[Your objective]: Apart from the pictures, every line below needs to be reproduced verbatim.

[Supplied data]:
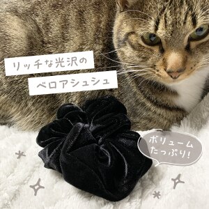 チェーンがアクセント!ベロア生地のシュシュ✨️ボリュームがあって高みえします✨️ すごく可愛くて高みえして大満足ですが、なにぶん届くのが本当に本当に本当に遅い!!笑 予約商品なのは承知の上、遅くなるのは承知の上で購入しましたが、やっぱりすぐに欲しかった!笑 ヘアカラーが今は黒で暗いヘアカラーなのでシュシュはグレーに大人っぽくしてみました!黒髪に映えてすごく可愛いです!
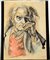 Guttuso "Ritratto di Moravia" tecnica mista su carta (cm 34,5x24) firmato in basso a destra
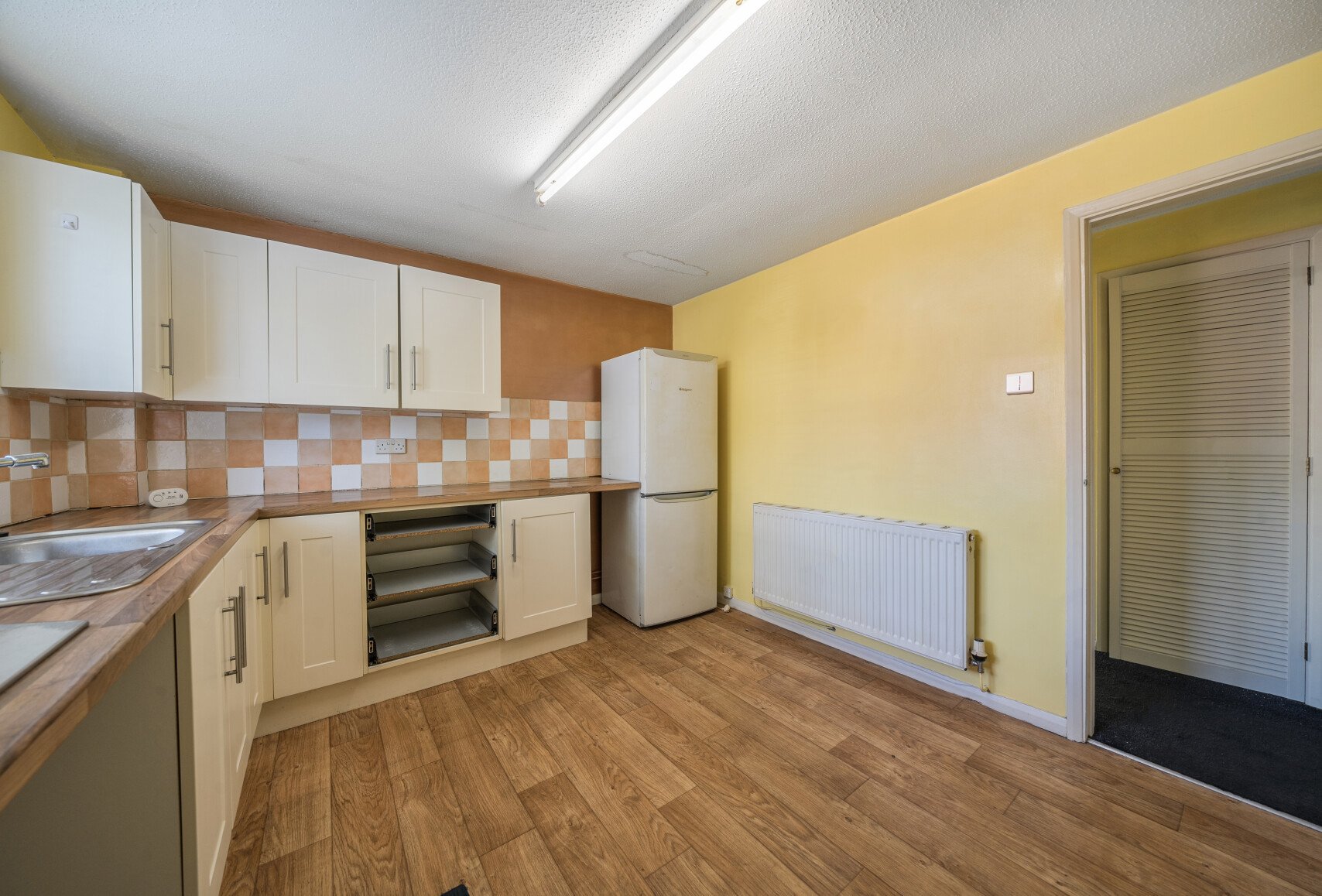 The property features a generous reception room, a double bedroom, a separate kitchen with plenty of potential, and a convenient shower room. The layout is practical and well-proportioned, making it ideal for first-time buyers, downsizers, or investors.
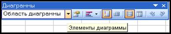 Додавати нові або змінювати параметри існуючих елементів діаграм можна за допомогою панелі інструментів Диаграмма, контексного меню елементів діаграми та покажчика миші. встановлюється на екран автоматично при виділенні діаграми. Зліва на панелі розташований випадаючий список Элементы диаграммы, що містить елементи діаграми, які можна виділяти і змінити їх властивості:

[Solution to the exercise]:
 チェーンがアクセント!ベロア生地のシュシュ✨️ボリュームがあって高みえします✨️ すごく可愛くて高みえして大満足ですが、なにぶん届くのが本当に本当に本当に遅い!!笑 予約商品なのは承知の上、遅くなるのは承知の上で購入しましたが、やっぱりすぐに欲しかった!笑 ヘアカラーが今は黒で暗いヘアカラーなのでシュシュはグレーに大人っぽくしてみました!黒髪に映えてすごく可愛いです!
 Guttuso "Ritratto di Moravia" tecnica mista su carta (cm 34,5x24) firmato in basso a destra
 The property features a generous reception room, a double bedroom, a separate kitchen with plenty of potential, and a convenient shower room. The layout is practical and well-proportioned, making it ideal for first-time buyers, downsizers, or investors.
 Додавати нові або змінювати параметри існуючих елементів діаграм можна за допомогою панелі інструментів Диаграмма, контексного меню елементів діаграми та покажчика миші. встановлюється на екран автоматично при виділенні діаграми. Зліва на панелі розташований випадаючий список Элементы диаграммы, що містить елементи діаграми, які можна виділяти і змінити їх властивості:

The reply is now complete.